# John Calvin on the substance-accidents distinction



## Reformed Covenanter (Nov 8, 2020)

I notice that John Calvin referred to the substance-accidents distinction in his commentary on Galatians 4:1, "All this leads to the conclusion, that the difference between us and the ancient fathers lies in accidents, not in substance." (Another translation reads "All this leads to the conclusion that the difference between them and us lies not in substance but in accidents." Quoted in Gerald L. Bray, Timothy F. George, Scott M. Manetsch (eds), _Reformation Commentary on Scripture X: Galatians, Ephesians_ (Downers Grove IL: IVP Academic, 2011), p. 133.)

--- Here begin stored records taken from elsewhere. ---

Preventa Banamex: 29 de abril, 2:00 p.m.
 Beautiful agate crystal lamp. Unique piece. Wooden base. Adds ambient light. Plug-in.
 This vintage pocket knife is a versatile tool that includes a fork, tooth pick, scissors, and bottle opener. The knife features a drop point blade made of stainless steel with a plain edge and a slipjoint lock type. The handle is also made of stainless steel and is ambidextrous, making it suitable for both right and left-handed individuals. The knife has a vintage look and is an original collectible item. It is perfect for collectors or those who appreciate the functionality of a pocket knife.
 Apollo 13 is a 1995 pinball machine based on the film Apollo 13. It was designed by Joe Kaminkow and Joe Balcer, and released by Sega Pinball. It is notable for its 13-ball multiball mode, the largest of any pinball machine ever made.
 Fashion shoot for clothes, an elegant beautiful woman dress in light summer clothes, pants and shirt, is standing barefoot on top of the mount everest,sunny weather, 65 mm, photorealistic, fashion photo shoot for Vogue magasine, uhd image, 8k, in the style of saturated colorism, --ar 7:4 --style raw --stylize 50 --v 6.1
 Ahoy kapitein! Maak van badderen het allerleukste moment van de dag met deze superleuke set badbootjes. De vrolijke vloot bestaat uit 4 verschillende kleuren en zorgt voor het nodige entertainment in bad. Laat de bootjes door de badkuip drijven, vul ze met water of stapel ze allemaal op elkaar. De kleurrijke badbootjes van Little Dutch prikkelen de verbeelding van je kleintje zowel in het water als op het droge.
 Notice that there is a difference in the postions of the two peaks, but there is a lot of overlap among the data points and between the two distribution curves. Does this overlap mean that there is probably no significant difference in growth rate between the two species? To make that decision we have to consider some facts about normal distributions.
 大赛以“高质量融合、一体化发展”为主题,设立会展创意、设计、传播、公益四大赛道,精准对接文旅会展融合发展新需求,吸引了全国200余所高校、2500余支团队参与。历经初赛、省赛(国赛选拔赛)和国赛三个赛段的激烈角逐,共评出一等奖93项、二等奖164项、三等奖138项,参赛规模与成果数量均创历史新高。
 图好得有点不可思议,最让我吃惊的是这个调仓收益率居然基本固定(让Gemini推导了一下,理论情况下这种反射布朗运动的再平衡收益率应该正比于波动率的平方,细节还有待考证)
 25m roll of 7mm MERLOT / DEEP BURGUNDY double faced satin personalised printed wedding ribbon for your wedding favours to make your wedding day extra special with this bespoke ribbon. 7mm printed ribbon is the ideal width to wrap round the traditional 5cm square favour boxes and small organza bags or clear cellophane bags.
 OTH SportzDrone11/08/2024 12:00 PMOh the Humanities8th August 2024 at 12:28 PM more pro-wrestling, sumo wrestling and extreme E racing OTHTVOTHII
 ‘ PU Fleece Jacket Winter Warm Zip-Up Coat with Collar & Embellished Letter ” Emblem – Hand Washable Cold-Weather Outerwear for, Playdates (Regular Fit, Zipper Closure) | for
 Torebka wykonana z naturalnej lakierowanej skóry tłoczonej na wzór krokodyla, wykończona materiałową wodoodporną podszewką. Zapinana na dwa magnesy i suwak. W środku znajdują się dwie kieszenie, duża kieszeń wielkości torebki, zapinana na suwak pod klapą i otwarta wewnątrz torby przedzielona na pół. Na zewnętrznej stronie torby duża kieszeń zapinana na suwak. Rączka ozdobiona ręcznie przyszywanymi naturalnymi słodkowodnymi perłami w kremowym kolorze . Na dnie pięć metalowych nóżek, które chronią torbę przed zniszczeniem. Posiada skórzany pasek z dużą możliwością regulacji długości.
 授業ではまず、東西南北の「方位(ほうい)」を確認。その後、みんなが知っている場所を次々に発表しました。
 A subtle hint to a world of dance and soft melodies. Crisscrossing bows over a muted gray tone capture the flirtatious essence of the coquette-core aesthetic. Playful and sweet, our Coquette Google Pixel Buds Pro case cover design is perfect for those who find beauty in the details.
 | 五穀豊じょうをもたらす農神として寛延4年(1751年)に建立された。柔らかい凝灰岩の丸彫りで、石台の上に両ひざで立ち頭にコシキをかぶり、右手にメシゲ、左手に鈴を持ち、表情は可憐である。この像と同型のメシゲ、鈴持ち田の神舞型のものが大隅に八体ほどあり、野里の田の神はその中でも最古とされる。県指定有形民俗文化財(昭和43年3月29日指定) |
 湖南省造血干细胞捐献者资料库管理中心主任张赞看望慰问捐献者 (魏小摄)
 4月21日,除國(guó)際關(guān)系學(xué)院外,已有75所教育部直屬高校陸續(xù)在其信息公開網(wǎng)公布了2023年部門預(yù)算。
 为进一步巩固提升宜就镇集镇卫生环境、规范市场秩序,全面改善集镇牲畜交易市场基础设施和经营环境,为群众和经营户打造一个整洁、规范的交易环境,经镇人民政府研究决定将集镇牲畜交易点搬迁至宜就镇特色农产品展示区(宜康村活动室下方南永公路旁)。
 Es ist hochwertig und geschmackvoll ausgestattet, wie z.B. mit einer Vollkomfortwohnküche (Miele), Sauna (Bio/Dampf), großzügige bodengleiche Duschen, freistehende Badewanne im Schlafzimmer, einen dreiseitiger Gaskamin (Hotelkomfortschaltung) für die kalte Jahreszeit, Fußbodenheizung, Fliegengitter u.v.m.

Did not those who argued for the Calvin vs. The Calvinists thesis basically argue that the later Calvinists were slavishly devoted to Aristotelian philosophy in opposition to the biblicist Calvin. What relevance does the above observation have to this debate?

Reactions: Like 1


----------



## Charles Johnson (Nov 8, 2020)

Reformed Covenanter said:


> I notice that John Calvin referred to the substance-accidents distinction in his commentary on Galatians 4:1, "All this leads to the conclusion, that the difference between us and the ancient fathers lies in accidents, not in substance." (Another translation reads "All this leads to the conclusion that the difference between them and us lies not in substance but in accidents." Quoted in Gerald L. Bray, Timothy F. George, Scott M. Manetsch (eds), _Reformation Commentary on Scripture X: Galatians, Ephesians_ (Downers Grove IL: IVP Academic, 2011), p. 133.)
> 
> Did not those who argued for the Calvin vs. The Calvinists thesis basically argue that the later Calvinists were slavishly devoted to Aristotelian philosophy in opposition to the biblicist Calvin. What relevance does the above observation have to this debate?


In my opinion, not much. The vocabulary of substance and accidents is often used by authors wishing to denote more essential and less essential properties even if they do not believe the distinction reflects a metaphysical reality. For example, the vocabulary comes up in Ames, who was violently anti-metaphysical.

Reactions: Like 1 | Informative 1


----------